Under the mass of hair was the olive-complexioned body of a small boy, about the age of eleven or so, as naked as the day of his birth. A quick yet indiscrete survey of his marginally emaciated body revealed that he'd been having a hard time of it, as he was covered with scratches and several sizable bruises. I thought him to be a hideous-looking little thing; no wonder someone chose to abandon him rather than to nurture him. I realized in a moment why I'd received no answer when I'd spoken to him: this child was feral; no words from me would penetrate his ignorance. He had no words. Even my telepathic impulses had not been heeded by him, and those transcend all language barriers, though I admit that fear alone might have prevented him from coming forward as I had commanded. Moved to pity, I began to relax my hold on him. Just then the little monster lunged forward and bit me!

"That's it, minnow! Now you're gonna get it!" Grabbing both of his arms above the elbow, my large hands easily encompassed both of the child's triceps. Then I did something that I now know I never should have---I shook him severely. Instead of continuing to fight me, the child seemed perplexed by my actions. His face screwed up into a question mark, and he stared at me as boldly as one who had honestly thought he was being wronged.

Which surprised me more I'm not quite sure: the look of reproach on his dirt-stained face, or the bizarre hue of his eyes. Lilac. Huge lilac-colored irises, staring out from beneath that mass of black curls and knitted eyebrows. And freckles---cheeks speckled with freckles. The face of a cherub attached to the body of a little demon.

His expression became noticeably different as he processed my bewilderment at his eye color, his face making the segue from righteous indignation to one of an acknowledged shame. My impression was that he didn't want to shift his gaze from me, for I was probably the first other human he could consciously remember seeing, but he was seemingly compelled to do so. "Yes," I remember thinking, "it’s clear to me." Without effort, I had tapped into some dark recess of memory which held the horrors of other looks of derogation because of those eyes. His face communicated an instilled self-loathing, as if my stare incorporated with it a message of derision he knew all too well at some time in the distant past. His eyes diverted downward from mine in a manner relegated to the inferior when in the presence of a superior.

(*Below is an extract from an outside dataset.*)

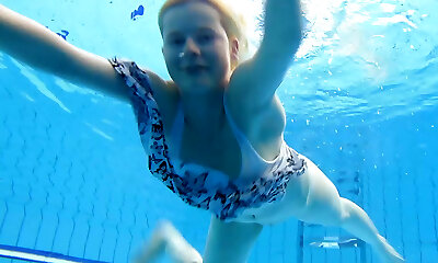 Blonde Euro sweetheart shows off her body underwater
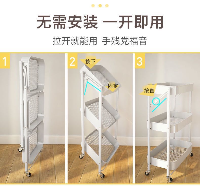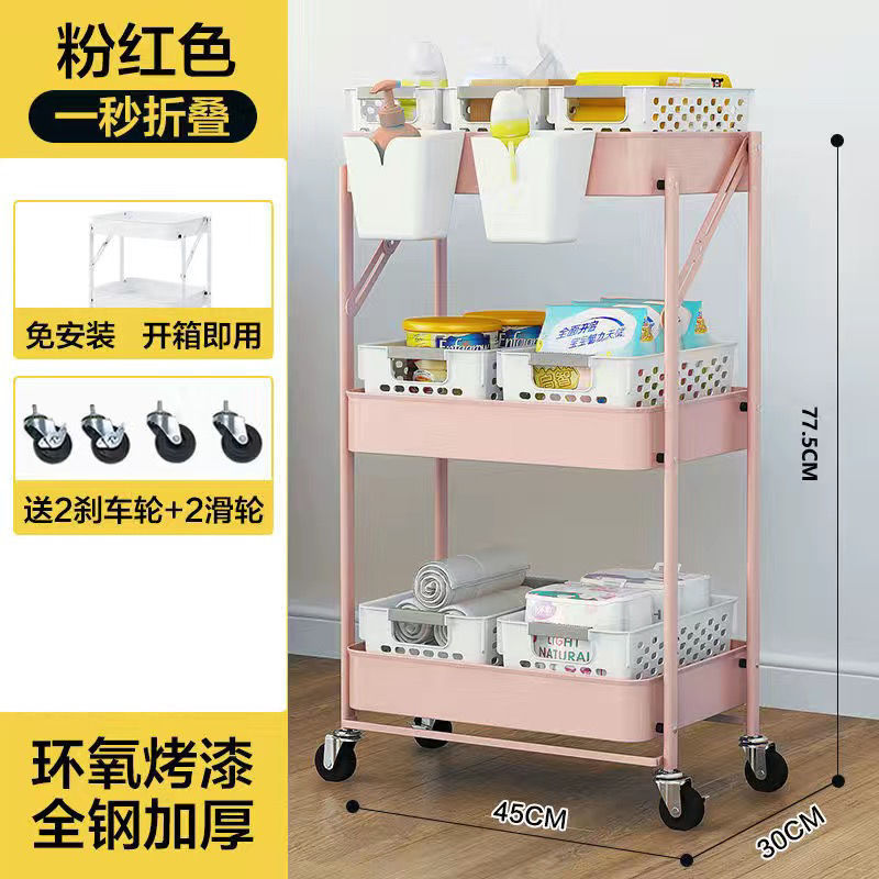 설치 무료 접이식 트롤리 주방 및 욕실 보관 랙 모바일 가정용 아기 용품 다층 보관 랙

While analyzing my stare, the boy had also realized my grip had loosened. Taking advantage of this, he pulled away, never once taking those curious eyes off of me until he was a good few feet beyond my reach. He was getting away, swimming slowly at first, then more swiftly, beckoning his little walrus friend to follow in his getaway. He never once looked back at me, his "superior," floating dumbfounded and mouth agape in the brackish water, with a throbbing headache and a head full of questions.

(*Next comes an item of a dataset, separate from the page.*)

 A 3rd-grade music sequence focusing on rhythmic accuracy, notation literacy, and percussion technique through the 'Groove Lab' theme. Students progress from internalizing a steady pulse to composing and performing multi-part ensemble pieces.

I'd let him escape, the sad little thing, but not for long. As self-reliant as he might have believed himself to be, he needed guidance, sustenance and protection, just as I had when, in my youth, I had been much the same, due to my own abandonment in infancy. He needed me, and as much as I hated to admit it, maybe I needed to be needed in that way. I'd follow him at a safe distance, determined to do my duty and take on a responsibility it was obvious no one else wanted. With a little time and some coaching from the learned Dr. Vulko back in Poseidonis, I'd find a way to reach out to the boy. But just then, I was letting him go.

"That's not the way it happened at aaalllll, Arthur! Tell Mera the reeeaaaal story this time!" The innocent, wide-open lilac eyes framed by ebony curls are beseeching me, as they often do these days. I try to look at him sternly but can't, as my attention is more drawn to surprised recognition of the fact that his gangly frame is beginning to show signs of impending manhood. My flame-haired bride laughs and tousles his unruly curls as the boy continues his silly harangue. "You've never used the word 'extricate' in your whole life, Arthur! Tell it all over again!" I give him that "...why, I oughta..." face and accompany it with the customary gesture of drawing my arm back in a mock expression of ire. "That's exactly as I remember it, Minnow, but it's your story. Tell it your own way."